**About this exercise:**
Return each line of the data below verbatim; pictures are to be left out.

**Data below:**
-------

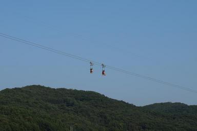 Keywords: sky blue mountain man lift island connection cable high
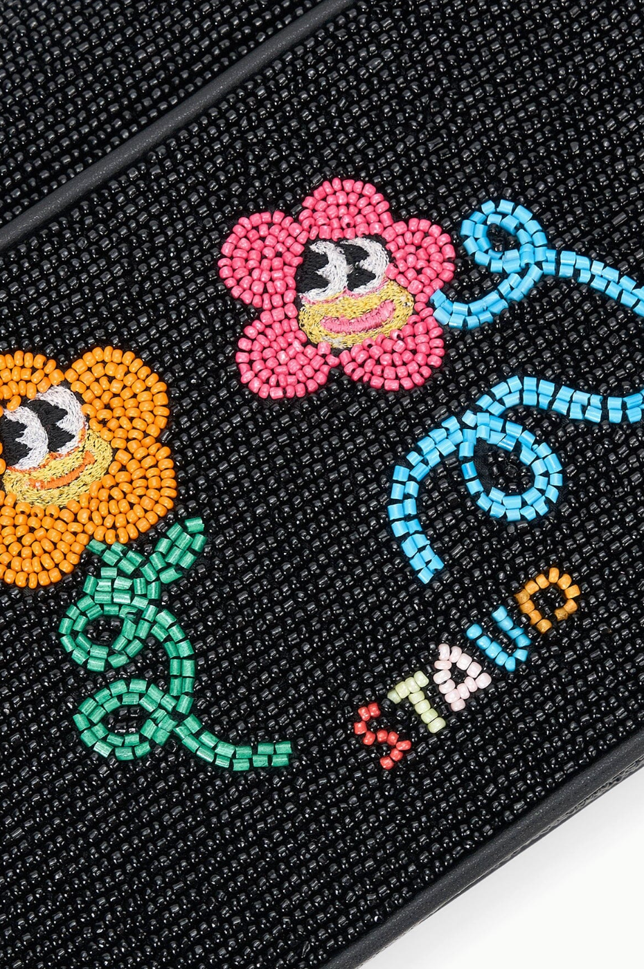 - Self: 100% Glass Beads, Base: 100% Rayon, Trim:100% Vegan Leather
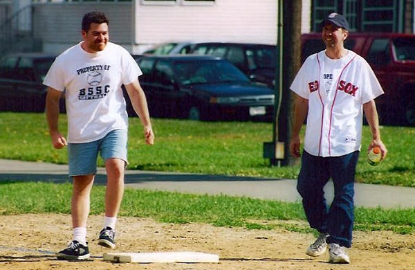 John on 1st base, while a happy Mike coaches him on the finer points of the game.

-------

**Your solution:**
 Keywords: sky blue mountain man lift island connection cable high
 - Self: 100% Glass Beads, Base: 100% Rayon, Trim:100% Vegan Leather
 John on 1st base, while a happy Mike coaches him on the finer points of the game.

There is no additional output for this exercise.